The invention will now be described by way of example with reference to the accompanying drawings in which;

Figure 1 is a schematic perspective view of a water heating apparatus constructed in accordance with one embodiment of the invention,
Figure 2 is a perspective view of a body forming part of the water heating apparatus,
Figure 3 is a further, schematic, perspective view of the body of the water heating apparatus, showing the inside thereof, with an inlet pipe and heater unit therein,
Figure 4 is a perspective view of the inlet pipe and heater unit of Figure 3, removed from the body,
Figure 5 is an end view of the spiral heating unit,
Figure 6 is a schematic perspective view of a first embodiment of water heating means using the body of Figure 3, together with electrical control means,
Figure 7 is a schematic perspective view similar to Figure 6 of a second embodiment,
Figure 8 shows an arrangment of a three stage water heating apparatus, together with control means,
Figure 9 shows a heating unit arrangement where temperature sensors are built in with the heating elements,
Figure 10 is a circuit diagram of the control of the apparatus,
Figure 11 is a cross-sectional view of an inlet section of another embodiment of the invention,
Figure 11A is a perspective view of an alternative heater unit for use with the inlet section of Figure 11,
Figure 11b is a cross-sectional view of an outlet section of the embodiment of Figure 11,
Figure 12 is a perspective view of a further alternative heater unit ,
Figure 13 is a schematic perspective view of a still further alternative heater unit,
Figure 14 is a lay-out of a yet still further form of water heating apparatus,
Figure 15 is a cross-sectional view of a still different form of the apparatus, and
Figure 16 is a diagrammatic lay-out of the apparatus in Figure 15.

Referring to Figure 1 this shows a water heating apparatus for use for example in a domestic situation for providing a supply of hot water and being supplied from a cold water main supply.

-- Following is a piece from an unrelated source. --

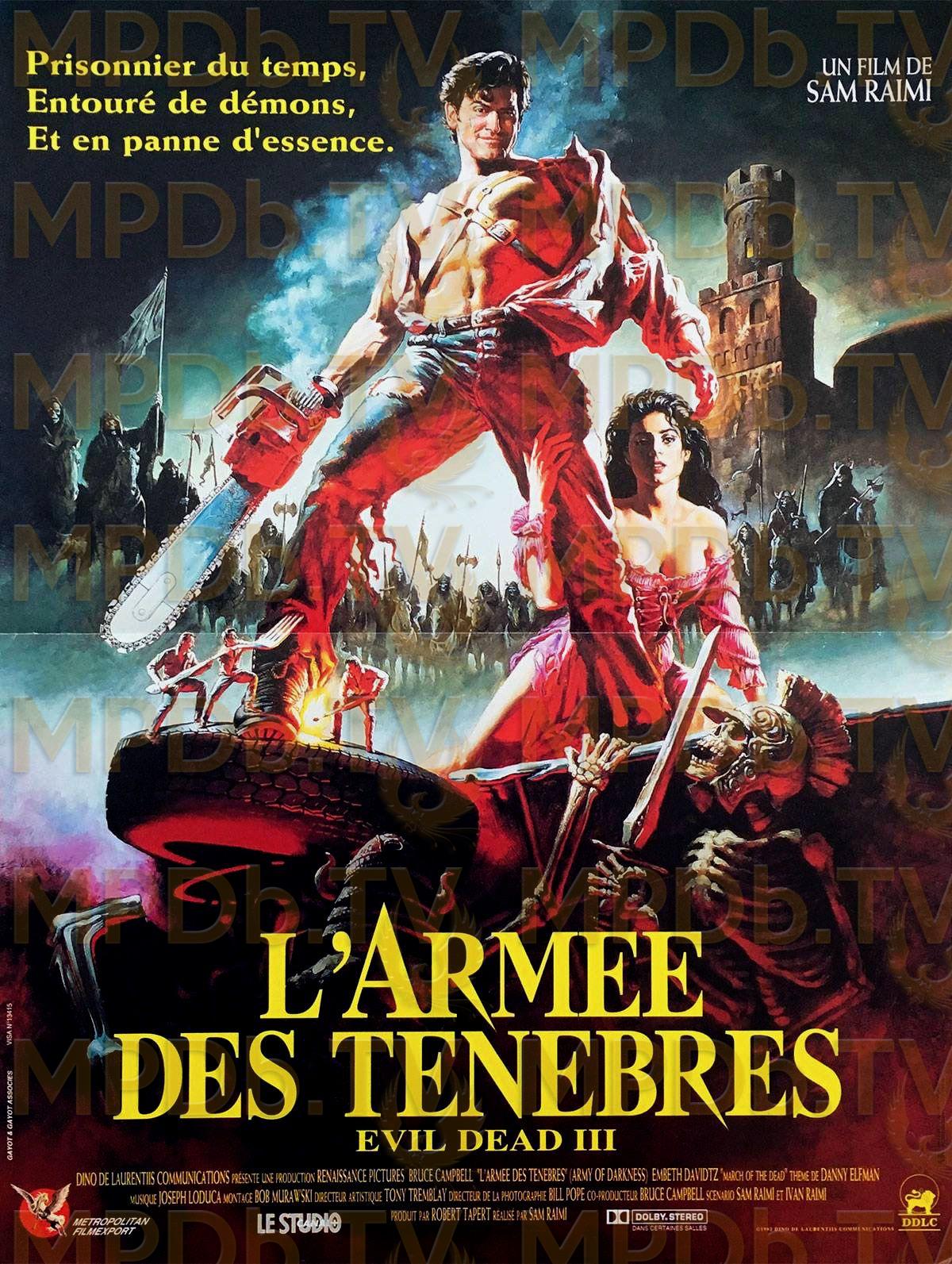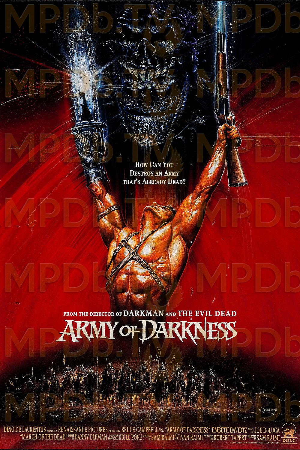 Une tronçonneuse greffée au poignet, un fusil à canon scié dans l'autre main, Ash, le héros des Evil Dead, remonte le cours du temps jusqu'en 1300. Là, il lui faut mettre la main sur le Nécronomicon, grimoire à l'origine de ses malheurs. Sa quête se transforme vite en effarante croisade, qui le mène à affronter une armée de squelettes...

The apparatus as shown in Figure 1 includes an inlet section 10 and an outlet section 11 and a body section 12, containing the heating means of the appliance, situated between the inlet and outlet sections. Part of the casing has been removed for clarity and it is to be understood that the external shape of the apparatus may take any other form instead of the generally rectangular configuration shdwn. In addition the body section 12 can also be other than rectangular,for example it can be of pear-shaped cross-section, as shown in Figures 2 and 3.
On the inlet section 10 there can be mounted a control 13 by means of which the temperature of the water delivered can be regulated, as will be described.
Figures 2 to 5 show the construction and arrangement of various parts of a first embodiment of water heating apparatus, to fit into a casing in the form of Figure 1 or in any suitable alternative form.
Figures 2 and 3 show a metallic body 14 of generally pear shape in transverse cross-section. The body has end walls 15, 16 respectively and in the end wall 15, which is the inlet end of the body, .there is provided a generally central hole 17. The hole 17 is threaded to receive an adaptor plug supporting a cold water inlet pipe 18 which, in use, is arranged to receive pressurised cold or relatively cold water from, for example, the main supply. If required the inlet could incorporate a non-return valve. The wall 15 also contains a further threaded hole 19, which is plugged, in use, and a slot 20.
The end wall 16 has a hole 21, longitudinally aligned with the hole 19, and which is threaded like the hole 17, to receive an adaptor plug 23 (Figures 6 and 7), similar to that fitted in the hole 17, and carrying an outlet pipe 24.
The inlet pipe 18 extends to the interior surface of the end wall 16 where it is closed. However the pipe 18 has an axially extending slot 25 in its surface to allow the cold water to flow therefrom into a spirally arranged heater unit 26 shown in Figure 3.
The heater unit, shown best in Figures 4 and 5, is in the form of an electrical printed circuit heater 27 sandwiched between a pair of metal plates and rolled into a spiral. Connections 28 for supplying power to and for controlling the heater are provided on a longitudinal extension part at one corner 29 of the heater unit which protrudes through the slot 20. A glass or metal laminate, i.e. aluminium can be provided around the outside of the heater unit.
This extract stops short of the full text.